Tuesday 11 January 2011

Becca + Blaine - A short story


*illustration by Mark Adlington

Here is the third short story in my 'desolate' series. Part one here and part two here. Read.

Becca couldn’t help but like him instantly. She couldn’t sleep because she analysed his every move, his every word, his every glance. She knew he was a good one. She also knew that good ones were hard to come by. She could feel that she was getting herself into trouble, but nonetheless there was something in her that couldn’t resist playing with fire. She picked up the phone.

It only rang once before he answered. It was two a.m. on a freezing starless night in London. He sounded irritated that someone would dare to call him that late. He also sounded intrigued that someone would dare to call him that late. Becca was on the brink of telling him she liked him. A lot. She was on the brink of telling a relative stranger, who she only met the week before, that she fantasised about being with him. A lot. She thought that wasn’t like her. She never had these feelings.

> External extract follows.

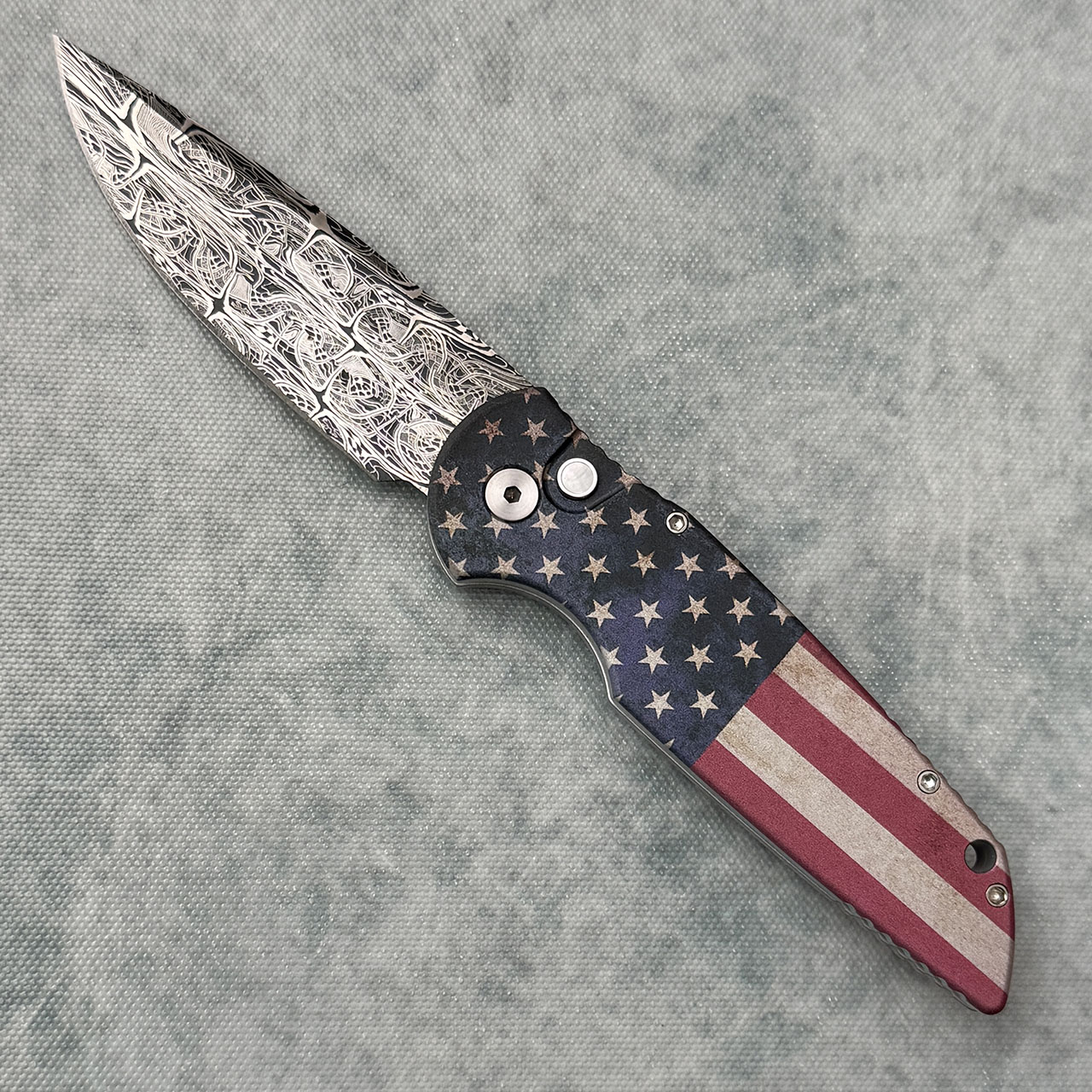 Pro-Tech TR-3 Antique Flag Aluminum Handle Eggerling Carbon Mosaic Damascus Blade Pearl Button

Awkward.

But instead she started a meaningless conversation about today’s football results. She knew that now wasn’t the time for too much intensity, for too much truth. She had learned her lesson.

Blaine didn’t watch football. He wondered what the hell Becca was talking about, but he enjoyed the sound of her voice too much to stop her. He could listen to her voice for hours even if it stammered endlessly about Manchester United or some other club he didn’t care about. He did care about Becca though. He realised that on the first night he met her.

She was unlike any other girl he’d ever met before. She was strange. In a good way. She was loud, but not obscenely so, just in a confident way. He felt instantly attracted to her. Becca was drawing him in with her flirtatious glances that seemed to shy away at the last second. She was contradictory and that amazed him.

When he finally approached her after deliberating how to open the conversation for about three hours, he simply said: “Hi, I’m Blaine. I’d love to chat to you.” She looked slightly bemused that a stranger would come and talk to her. Like it had never happened before.

It had never happened before.

Becca and Blaine talked for hours. About their dislike of grated cheese, about their love of literature, about being the oldest children in large families and about pretty much everything else.

She was too scared to tell him she liked him. He waited for her to tell him she liked him. No one said anything. Both didn’t want to let their guard down. Both didn’t want to stand on this battlefield unprotected.

Becca put down the phone. She felt empty. They never saw each other again. They never stopped thinking about each other.